Confocal fluorescence images were obtained with a Leica SP 5 (Leica Microsystems, Mannheim, Germany) with a ×63 glycerol immersion objective (HCX PL APO, NA 1.30, Leica). Laser wavelengths of 405, 458, or 561 nm were used for DAPI, Alexa Fluor 488, or Cy3 signals, respectively, and recorded separately. The pictures were stitched with Leica Confocal Software (v. 2.6.0.7266, Leica Microsystems, Mannheim, Germany). Nissl-stained sections were imaged with a brightfield microscope (Stemi SV11, Zeiss, Oberkochen, Germany).
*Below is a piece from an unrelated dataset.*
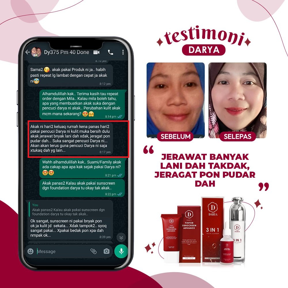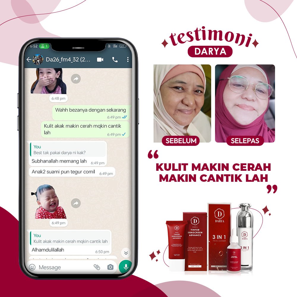 “Saya sangat yakin dengan keberkesanan pencuci muka dan serum Darya. Memang rugi sangat siapa yang belum cuba”

All images were analyzed in Fiji (Schindelin et al., 2012) and MatLab (MathWorks, Natick, MA; RRID: nlx_153890). Fluorescently labeled cells in the DRN and MRN were manually counted (repeated three times to account for manual error). Identified cells were marked independently in the red and green channels and colocalization was determined by the proximity of the labels, with a cutoff distance of 12 μm. Detected colocalization was robust to minor changes in the cutoff distance. Subdivisions of the raphe nucleus were manually delineated based on structures visible in the adjacent Nissl-stained sections and 5-HT immunoreactivity in the same section. Definitions of the MRN and the DRN were based on Jacobs and Azmitia (1992), corresponding to B8 and B5 (also known as the nucleus centralis superior) and B7 and B6 (Dahlstroem and Fuxe, 1964), respectively.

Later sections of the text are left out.